Memory continuity across sessions. Cursor, Cline, and Aider each ship their own memory or context mechanism, and none currently plugs into Managed Agents' Memory or Dreaming layer. A developer building a custom agent on the Messages API for a multi-day job, say a long codebase migration, can now opt into Dreaming instead of building the memory infrastructure cold. That matters to teams treating these tools as architectural inspiration, not to people just using Cursor day to day.
Evaluation loops. Aider already runs tests after each change and reverts on failure. That is a hand-rolled evaluation loop. Outcomes is the same pattern as managed infrastructure. A team building its own coding agent gets to delete the run-tests, grade, retry code it would otherwise write and maintain.
Parallel agent runs. Cline is single-agent per session. Cursor's Background Agent and Bugbot handle one job per invocation. Orchestration targets jobs that split cleanly into parallel subagent work. Fanning out code review, doc generation, or test writing across many files at once is exactly its lane, so that is the layer to evaluate.
One practical note for anyone using these tools today: the May 6-7 release changes nothing about Cursor, Cline, or Aider's UI or behavior. What moved is the infrastructure available to builders who want to go past the off-the-shelf loop.
What to watch next: pricing, API parity, and the Dreaming opt-in
Three things are still open as of May 13, 2026.
Dreaming pricing. Anthropic's research-preview features have historically graduated to GA with usage-based pricing, and Dreaming's cost model is not published yet. Memory operations and pattern extraction are extra compute layered on top of base model calls. Budget for that layer to be non-trivial on long-running, high-volume workloads.
API parity for Outcomes and Orchestration.

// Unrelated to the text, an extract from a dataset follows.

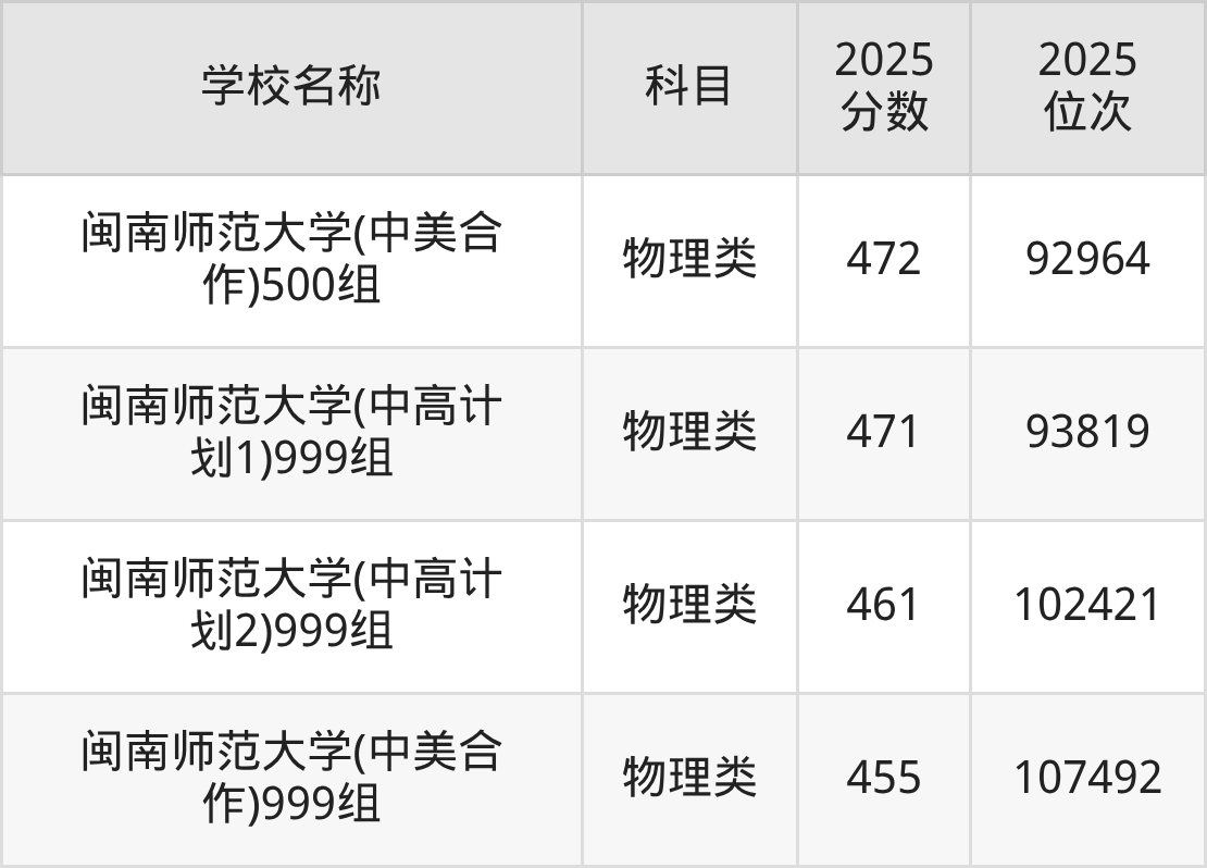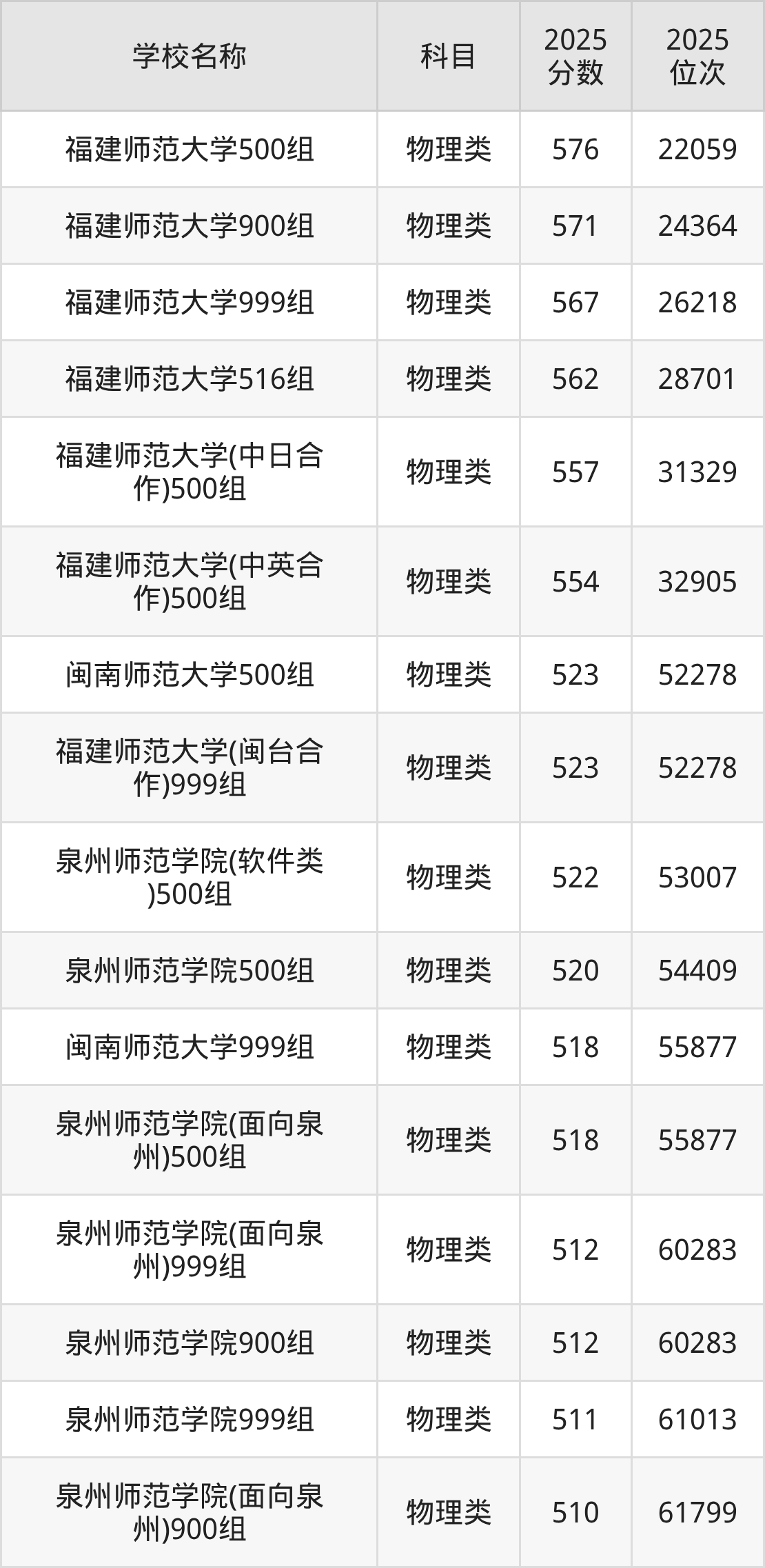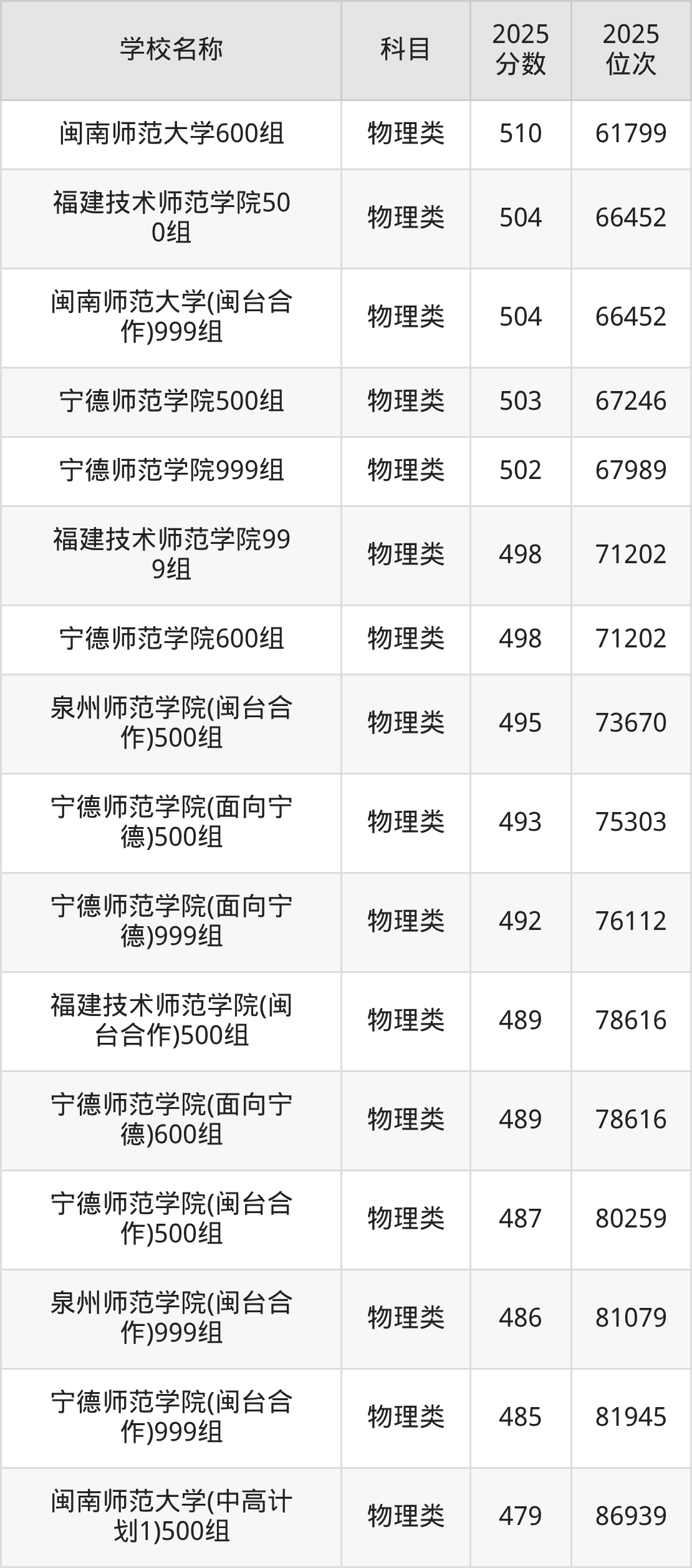 下文为2025年福建省师范类大学在福建物理类录取分数线和位次排名表,供大家参考:

The public-beta paths are documented. The full API surface for multi-specialist orchestrations and complex rubrics is not settled. Expect parameter names and configuration schema to shift before GA.
The Dreaming access path. Building on long-running agent work today? Request access now instead of waiting for GA. Anthropic's research-preview programs have moved to general availability within two to four months of release, and early access drops you into the feedback loop that shapes the final configuration model.
Outcomes is the lowest-friction way in. Write a plain-language rubric, point it at a task with measurable quality criteria, run it. The grader-to-agent-retry loop is the piece that bends your architecture, so understand its shape before you design around it.